> **Directions for this task**
As you reproduce every line below, keep it exactly as written and leave out the images.

> **Information supplied**
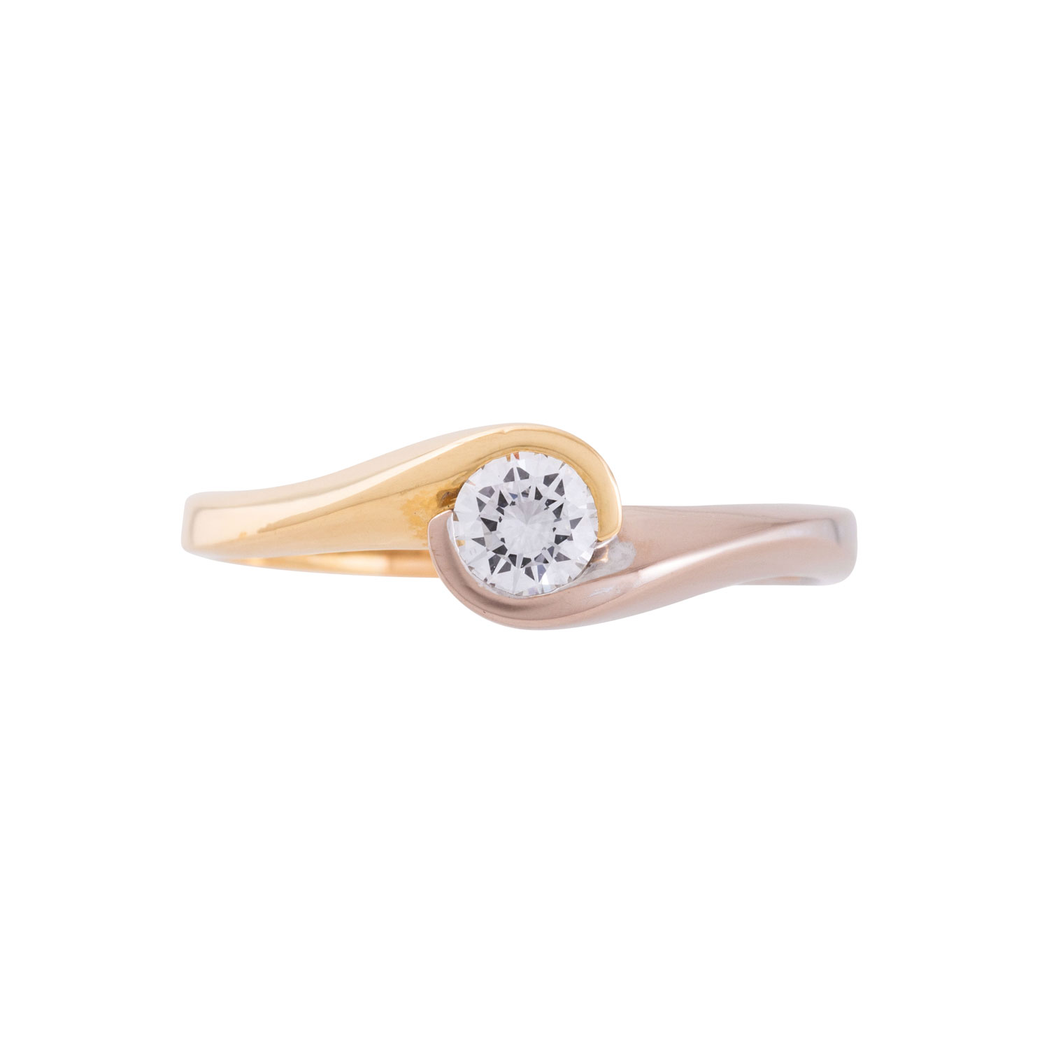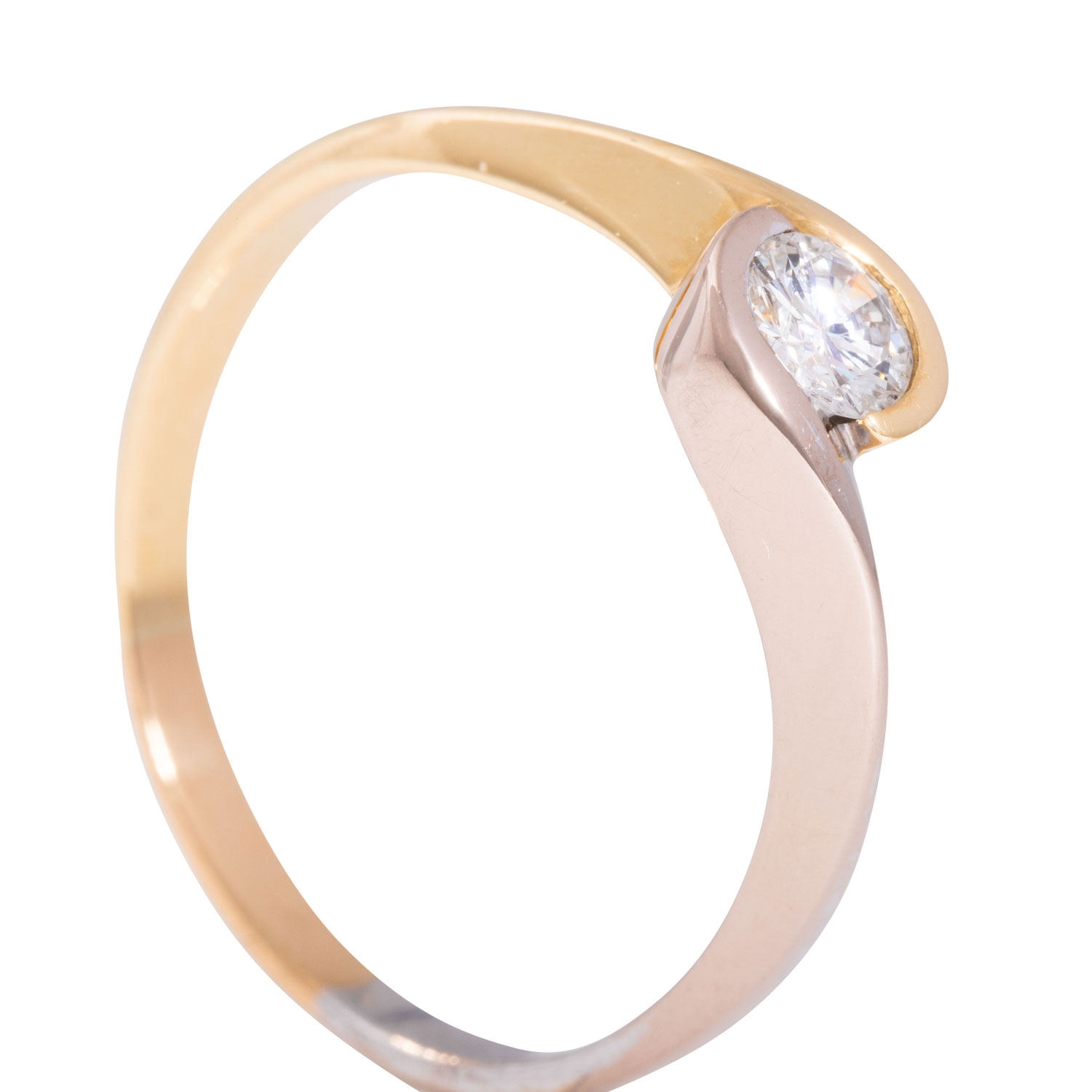 Ring with brilliant-cut diamond ca. 0.33 ct, ca. STW (I)/VS, replacement value ca. 2,400 €, 18K YG/WG, 4 gr, late 20th century, minor signs of wear, maker's mark Gebrüder Schaffrath.
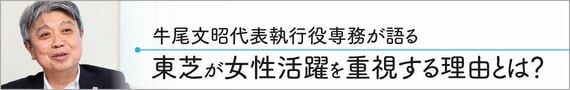 そうした情勢下、いち早く、女性活躍、そしてダイバーシティ推進に取り組んできたのが東芝だ。東芝がダイバーシティ推進に取り組み始めたのは2004年。女性役職者の登用、女性が働きやすい職場づくりなどの施策を推し進めてきた東芝の取り組みとは一体どのようなものなのか。今回、現場の第一線で働く女性役職者に東芝の社風、職場の働きやすさ、キャリアプランなどについて語ってもらった。ダイバーシティ推進の責任者である牛尾文昭東芝専務へのインタビューと合わせてご紹介する。
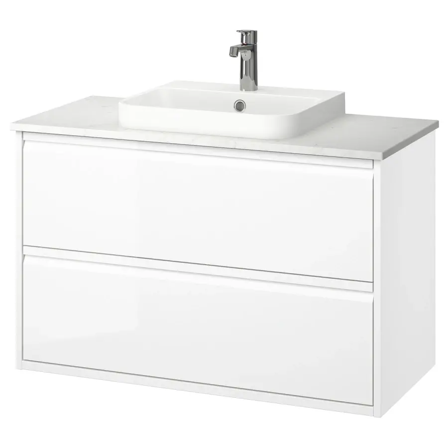 ИКЕА IKEA Мебель для ванной комнаты ÄNGSJÖN восхищает современным внешним видом и минималистскими деталями. Шкаф под умывальник в сочетании со столешницей и умывальник, частично утопленный в столешницу, создают стильный элемент с неповторимым характером в ванной комнате. Оригинальная икея/ikea
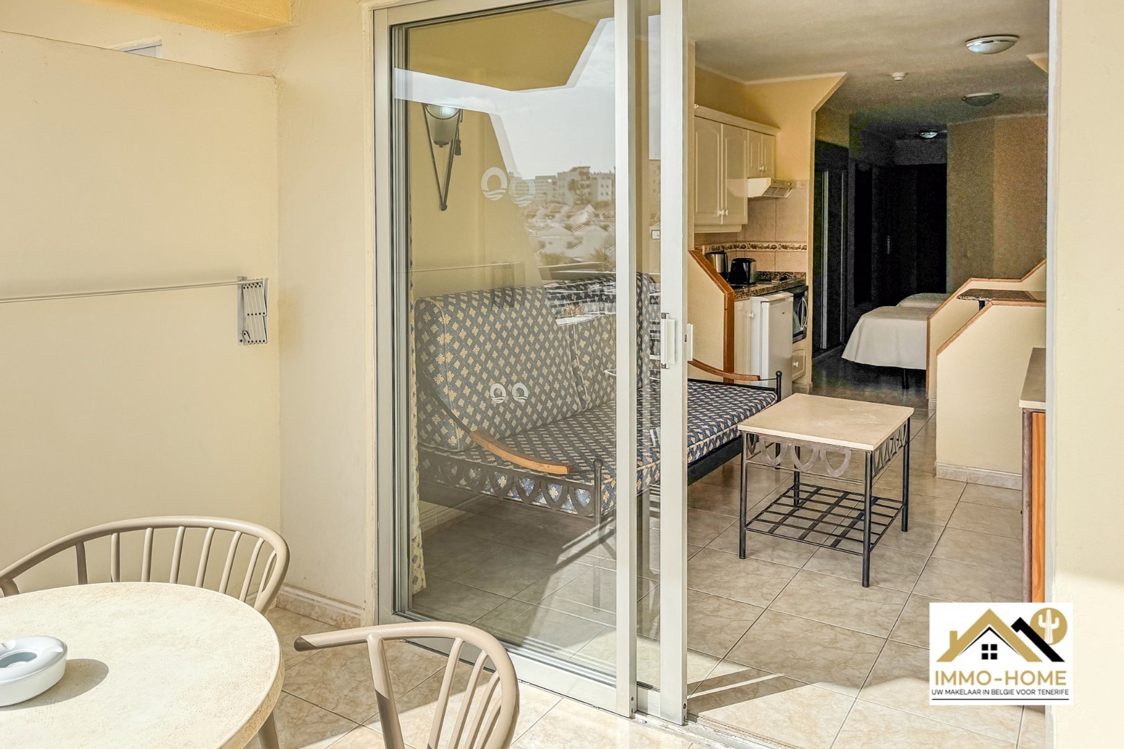 Deze uitzonderlijk ruime studio heeft een ruime badkamer met ligbad, een apart slaapgedeelte dat je perfect kan afscheiden, een keuken en woonruimte met aanpalend een zeer mooi en ruim terras. Of je nu wilt genieten van een rustige avond op je eigen terras of juist het bruisende nachtleven van Costa Adeje wilt ervaren, alles kan door de perfecte ligging.

> **Response**
 Ring with brilliant-cut diamond ca. 0.33 ct, ca. STW (I)/VS, replacement value ca. 2,400 €, 18K YG/WG, 4 gr, late 20th century, minor signs of wear, maker's mark Gebrüder Schaffrath.
 そうした情勢下、いち早く、女性活躍、そしてダイバーシティ推進に取り組んできたのが東芝だ。東芝がダイバーシティ推進に取り組み始めたのは2004年。女性役職者の登用、女性が働きやすい職場づくりなどの施策を推し進めてきた東芝の取り組みとは一体どのようなものなのか。今回、現場の第一線で働く女性役職者に東芝の社風、職場の働きやすさ、キャリアプランなどについて語ってもらった。ダイバーシティ推進の責任者である牛尾文昭東芝専務へのインタビューと合わせてご紹介する。
 ИКЕА IKEA Мебель для ванной комнаты ÄNGSJÖN восхищает современным внешним видом и минималистскими деталями. Шкаф под умывальник в сочетании со столешницей и умывальник, частично утопленный в столешницу, создают стильный элемент с неповторимым характером в ванной комнате. Оригинальная икея/ikea
 Deze uitzonderlijk ruime studio heeft een ruime badkamer met ligbad, een apart slaapgedeelte dat je perfect kan afscheiden, een keuken en woonruimte met aanpalend een zeer mooi en ruim terras. Of je nu wilt genieten van een rustige avond op je eigen terras of juist het bruisende nachtleven van Costa Adeje wilt ervaren, alles kan door de perfecte ligging.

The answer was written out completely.